Tory MP attacks ‘sugar-free conservatism’ and ‘overwhelming population growth’

A senior Tory has called for his party to pursue “authentic” conservatism rather than the “sugar-free” version accepted “by our liberal masters”.

Sir John Hayes warned that there was a “widening chasm between the people of Britain and the elite who profess to serve them” during a speech to the National Conservatism conference in Westminster.

He said: “You know, as I do, that the solution is to be found in conservatism. But not in the desiccated, hollowed-out, sugar-free conservatism deemed to be just about acceptable by our liberal masters.

“Too many conservatives opt out of conflict, instead seeking the approval of the very establishment which wants to grind them into the dust.

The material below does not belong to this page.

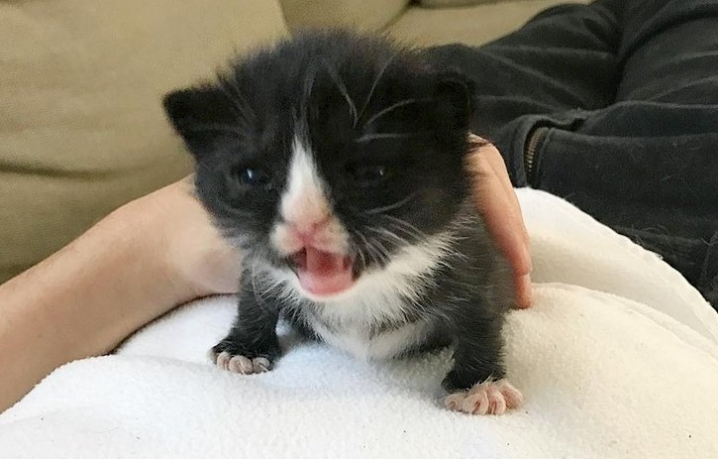 Маленький чудо-котенок преждевременно родился у бездомной кошки, которая жила в художественной студии. Когда его нашли, он был вялым и очень холодным. Но крошечный малыш-смокинг был полон решимости выжить! Когда Ханна Шоу - спасатель группы "Kitten Lady", приехала в студию, сестренка Барсука (так назвали новорожденного котенка) уже умерла, несмотря на все усилия людей. Маленький Барсук продолжал бороться, но его силы тоже были на исходе. "После нескольких бессонных ночей и круглосуточного питания, Барсук начал чувствовать себя намного лучше. Хотя он родился недоношенным и развивается медленнее, чем положено, он живет и это главное!", - говорит девушка. Несколько дней спустя Барсук удвоил свой вес. Это было первое маленькое достижение кошачьего ребенка. Примерно 2,5 недели назад котенок открыл свои чудесные глазки. Во время поездки к ветеринару, выяснилось, что у малыша есть мегаэзофагус. Это врожденная аномалия, из-за которой стенки пищевода сильно растягиваются и пища не проталкивае

The Lincolnshire MP also used his speech to warn that mass immigration and “overwhelming” population growth threatened to strain public services and change Britain’s towns and cities “beyond recognition.

A key ally of Suella Braverman, who spoke at the conference on Monday, Sir John chairs the “anti-woke” Common Sense Group of Tory MPs and was at the centre of the row over leaked policy documents that saw Ms Braverman dismissed from her first stint as Home Secretary by Liz Truss.

In a wide-ranging speech on Tuesday, Sir John criticised Tony Blair’s creation of the Supreme Court as constitutional “vandalism”, described Gina Miller’s legal challenges to Boris Johnson’s Brexit policy as “malevolent” and claimed devolution “threatens to tear our precious union of nations apart”.

He went on to argue that the law “now empowers protesters to prevent law-abiding citizens from getting to work” and “enabled permissive abortion laws to be imposed on Northern Ireland explicitly against the wishes of the public”.

The Public Order Act, which received royal assent shortly before the coronation, gave the police more power to remove slow-walking protesters from roads.

National Conservatism Conference
Home Secretary Suella Braverman speaking during the National Conservatism Conference. Sir John Hayes is a key ally of the Home Secretary (Victoria Jones/PA)

“We must be unafraid to pursue policies which enjoy popular support, which fuel the common good and elevate the people.”

Among those policies, he said, were creating an education system that did not “indoctrinate or perpetuate fringe ideas such as gender ideology or critical race theory” and a police force that would arrest “delinquents and deviants”.

He added: “It means an immigration system driven not by the demands of amoral big business but in tune with the will of the people, cognisant of the social and cultural pressures that mass immigration brings.

“It means ending the overwhelming population growth which strains public services and changes beyond recognition the character of our towns and cities.”